Archipelagos

  • This is civic tech: Jose Casal reports on the city of San Jose, California’s weekend of participatory budgeting.

  • Suzanne Bearne reports for The Guardian on how techies in different parts of Europe are mobilizing to help incoming refugees.

  • James Fallows never mentions civic tech in his cover essay for The Atlantic about “How America is Putting Itself Back Together,” but in my humble opinion you can’t read his story about the economic turnarounds under way in dozens of mid-sized cities around the country and not sense the role of people using tech for the public good. As he writes, “America thinks of itself as having a few islands of tech creativity; I now see it as an archipelago of start-ups and reinventions.”

  • Boston is looking to hire a Chief Data Officer.

  • Crypto-wars, continued: As the clash between the U.S. government and Apple heats up, Fight for the Future is organizing rallies at Apple stores around the country for this Tuesday at 5:30pm under the slogan “Don’t Break Our Phones.

  • FBI Director James Comey releases a statement Sunday night: “We simply want the chance, with a search warrant, to try to guess the terrorist’s passcode without the phone essentially self-destructing and without it taking a decade to guess correctly. That’s it. We don’t want to break anyone’s encryption or set a master key loose on the land.”

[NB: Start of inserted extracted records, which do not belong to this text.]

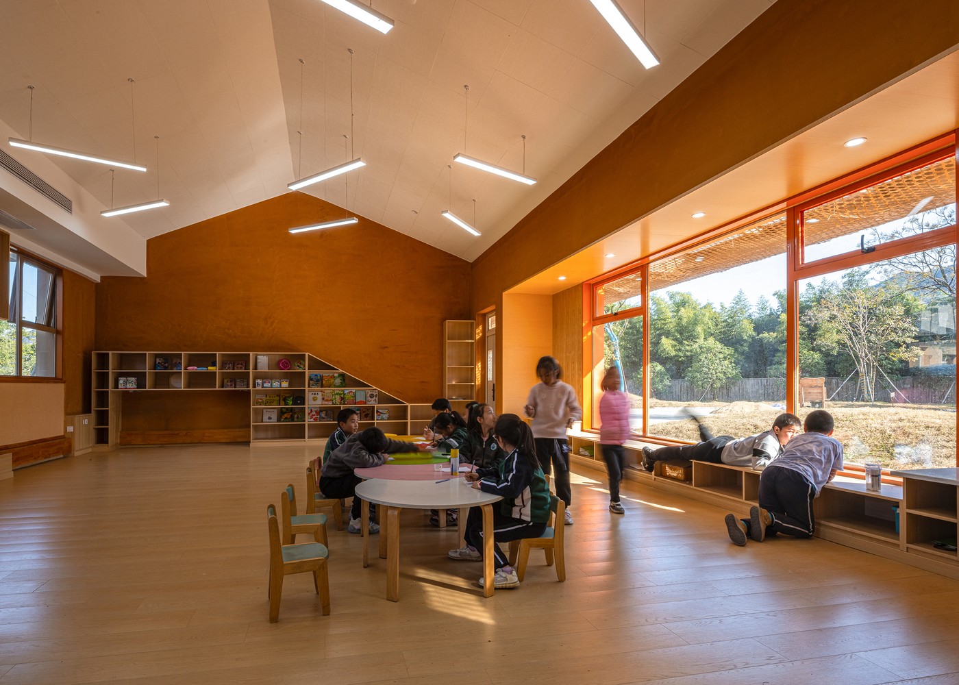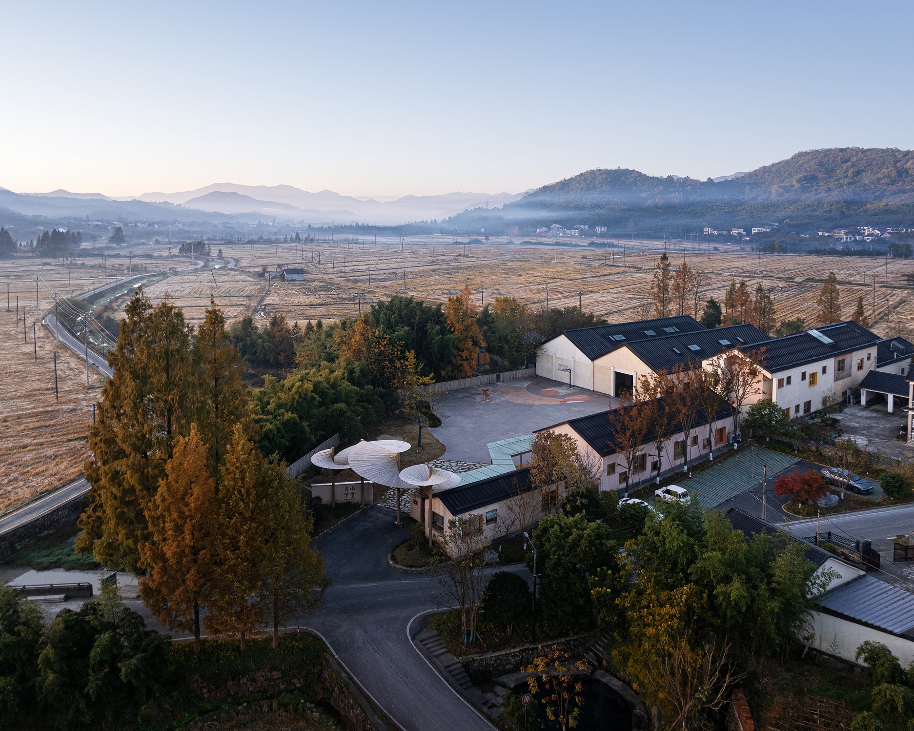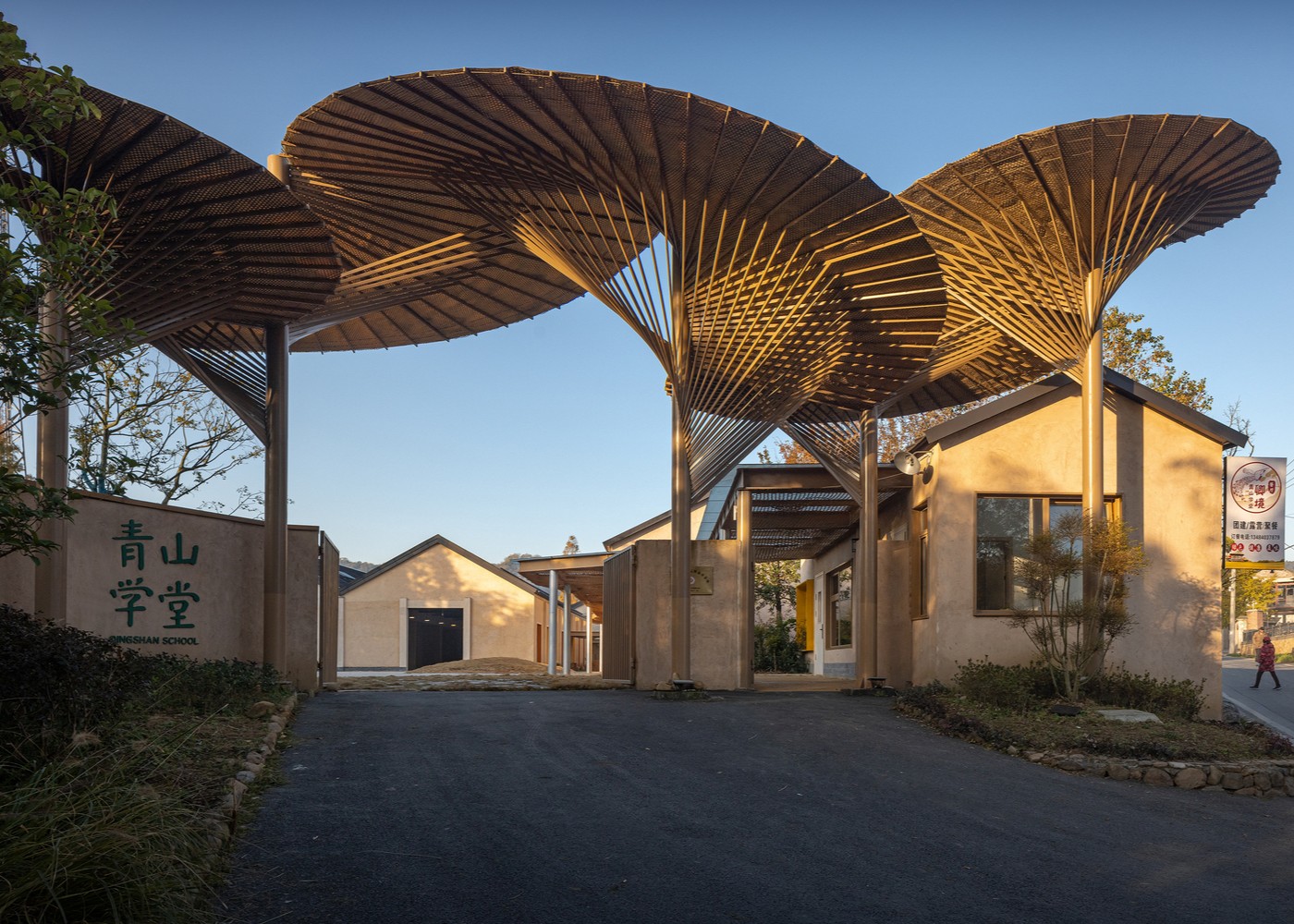 Çin’in Hangzhou şehrinin Yuhang bölgesindeki Qingshan Köyü’nde inşa edilen Qingshan Okulu, MOMENTUM Architects tarafından tasarlandı. Toplam 1740 metrekare alana sahiptir. Tasarımın temel amacı, öğrenmeyi kırsal yaşamla yeniden ilişkilendiren, çocuk merkezli bir ortam oluşturmaktı.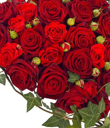 A stunning, classic red Rose heart shaped tribute with a flourish of Ivy.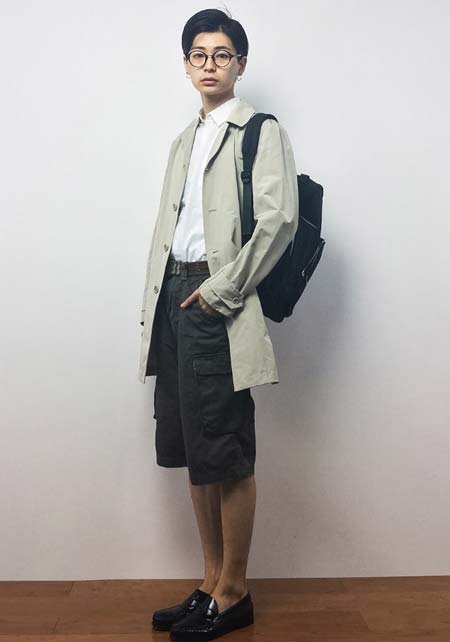 オン・オフ兼用できる汎用性の高さが魅力の一つであるステンカラーコート。ブランドを代表する「ダンケルド」は、その永久定番ともいえる名作。なかでも写真の膝上丈「ダンケルド ショート」は、日本人でもバランスよく着こなせる。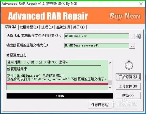 4、修復(fù)完成,彈出信息對話框:文件 N:\HDTune.rar 已經(jīng)修復(fù)成功 ! 現(xiàn)在你可以打開“N:\HDTune_recovered\”下修復(fù)后的壓縮文檔了。我們點擊:確定;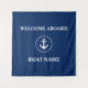 Nautical Boat Name Anchor Rope Welcome Aboard Navy Blue Wall Tapestry Square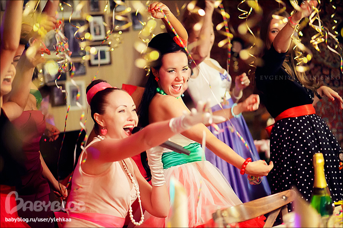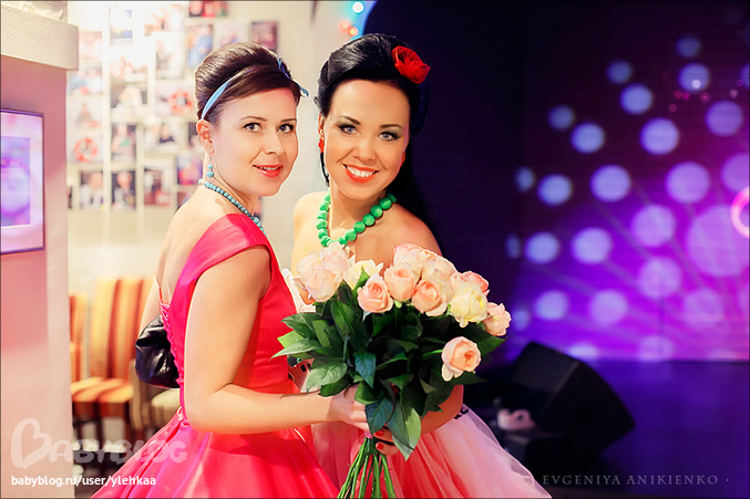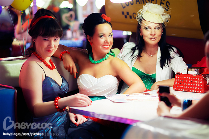 Привееет мои девчушки-дорогушки, ну наконец то я могу показать вам свой праздник, и так вашему вниманию представляется мой 30-летний юбилей, который я решила отмечать не обычными посиделками в кафешке, о котором забудут все на следующий день, а решила отметить его ярко и запоминающи для всех. Конечно сам стиль стиляг, где обилие красок уже задаёт своё настроение, и нам всем было настолько круто окунуться в атмосферу тех времён, стиль, наряды, ресторан, атмосфера всё соответствовало нашему стиляжному мероприятию. ДР решили отмечать девишником, и это было очень правильное решение, тк все мы девочки уже погрязли в домашнем быту, в детях, мужьях и.т.д, и порой так хочется от всего и всех отдохнуть, а отмечая без наших любимых мужчин, мы оторвались на славу, были пляски, танцы, море веселья, мы все как будто вспомнили детство, мы все так дурачились, 30ти летние дамы радовались воздушным шарикам как дети, в общем нам всем было так круто что не передать словами, с мужчинами мы бы себе этого не позволили. Девчули мои все красотки не подвели, подошли ответственно к своим образам, ну и что получилось судить вам, словами передать не могу, по фото всё поймёте как нам было хорошо .....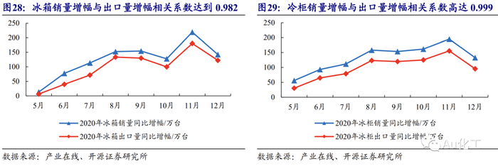 从出口端来看,美国房地产景气度上升和疫情期间储存食物的需求为冰箱冷柜市场带来了增长动能。根据产业在线数据,2020年冰箱出口量为4,177.3万台,同比增长22.3%;冷柜出口量为2,433.1万台,同比增长高达52.6%。通过对比2020年5月起的冰箱冷柜销量增幅情况与冰箱冷柜出口量增幅情况,可以看出销量增幅与出口量增幅呈现高度一致性,并且在数额上较为接近。通过计算相关系数,冰箱销量增幅与出口量增幅相关系数达到0.982;冷柜销量增幅与出口量增幅相关系数高达0.999。因此我们认为,2020年我国冰箱冷柜销量创下新高的主要原因是海外需求旺盛。海外冰箱冷柜市场火热主要原因有以下两点:(1)美国房地产强势复苏,新房和二手房销量持续创新高,地产链复苏对建筑、家电等需求起到良好刺激作用;(2)疫情期间各国居民的生活方式发生了一定转变,养成了疫情宅家、储存食材的生活习惯,带动冰箱冷柜需求大幅增长。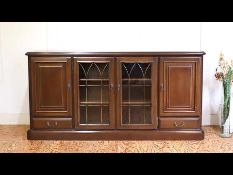 こちらのサイドボードも細部にまで美しさにこだわっています。ガラス面には金モールが施され、美しさと高級感を演出しています。取手も味わいのある特徴的なデザインになっています。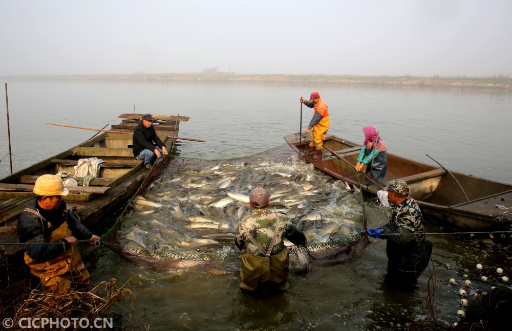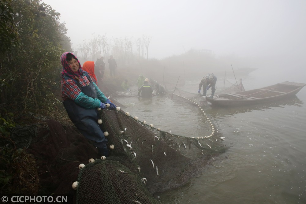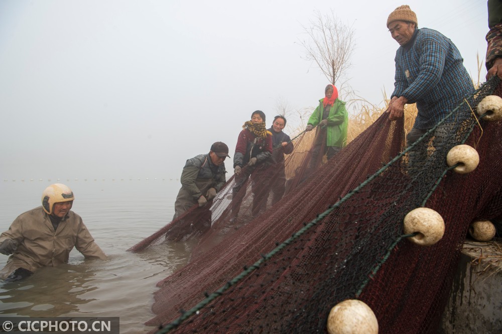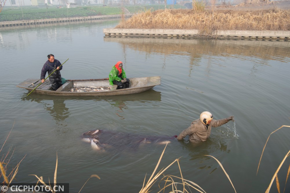 ↑2020年12月28日,在江苏省东台市溱东镇草舍村,渔民在拉网捕鱼。CICPHOTO/顾俊 摄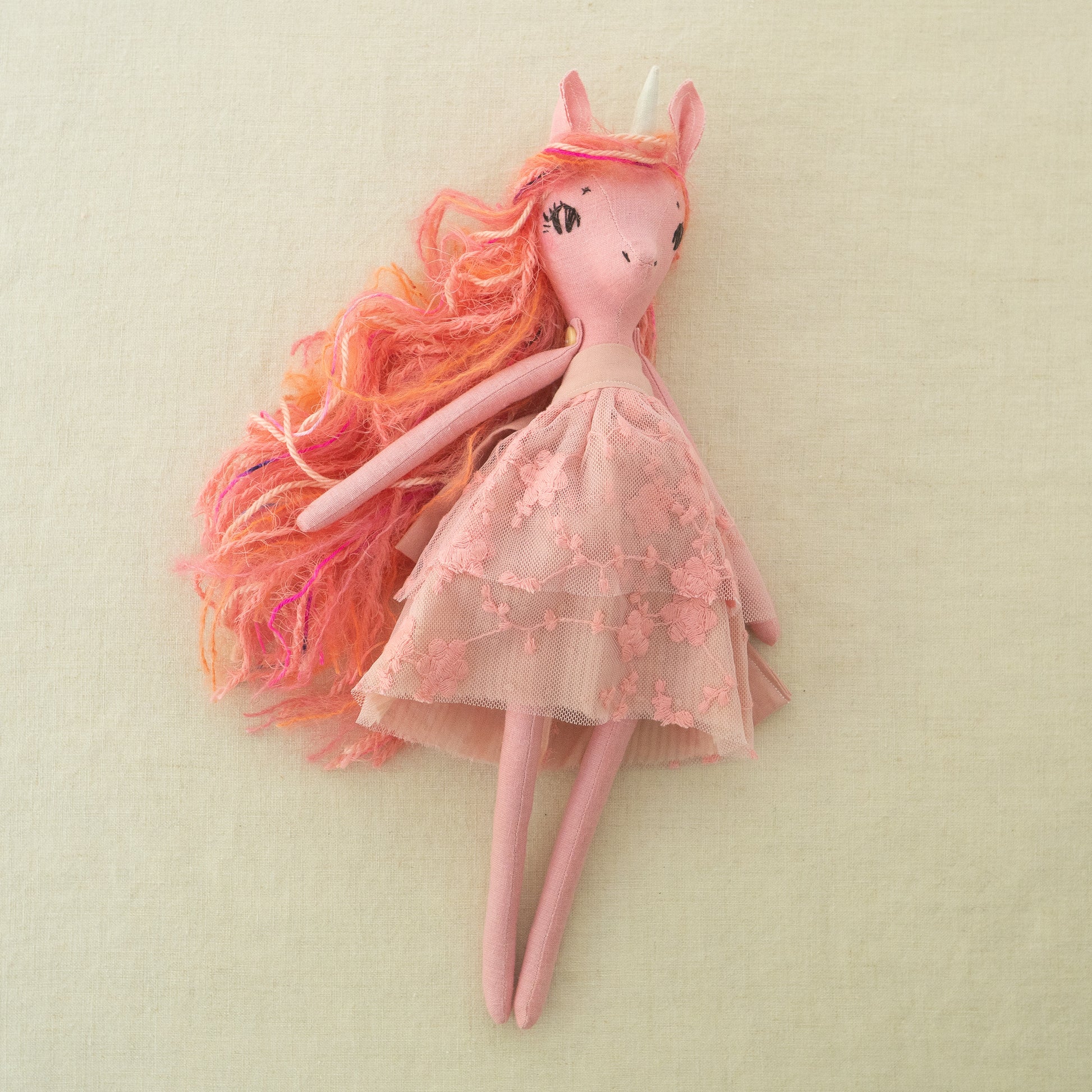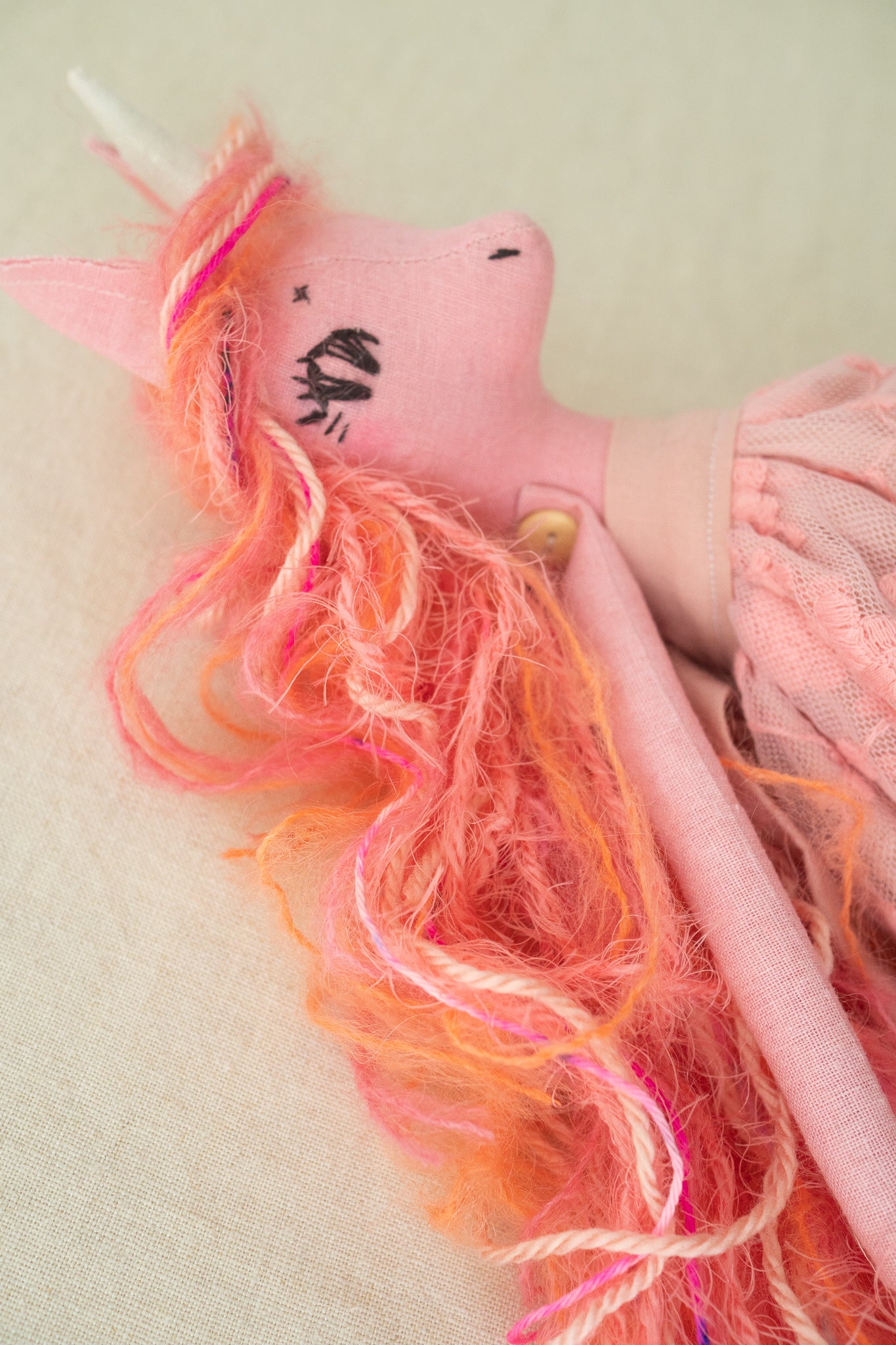 The Unicorn is made up of cotton, wool/rayon felt, and stuffed with recycled pollyfill. The yarn hair is a combination of wool, mohair, and acrylic yarn. All our dolls have button jointed arms. Each doll is lovingly hand stitched in Asheville, North Carolina.

  • Rep. Mike Honda (D-CA), whose district includes Apple’s home base, writes in support of the company.

  • Tech and politics: TargetSmart, the voter targeting company, pulled the voter information on 7 million Spotify users to create two sets of Top 20 lists for “blue,” “red,” and “purple” (unaffiliated) voters, on behalf of Bloomberg Business. Rihanna and Justin Bieber top all three lists.

  • Black Lives Matter Twitter activist DeRay Mckesson, who is now running for mayor of Baltimore, wouldn’t be where he is today without a lot of quiet support from Teach for America, Drew Franklin writes for Alternet.

  • Culture drives politics: Longtime defense correspondent Fred Kaplan explains how the movie War Games led then-President Ronald Reagan to push the military to review the issue of cyber-security.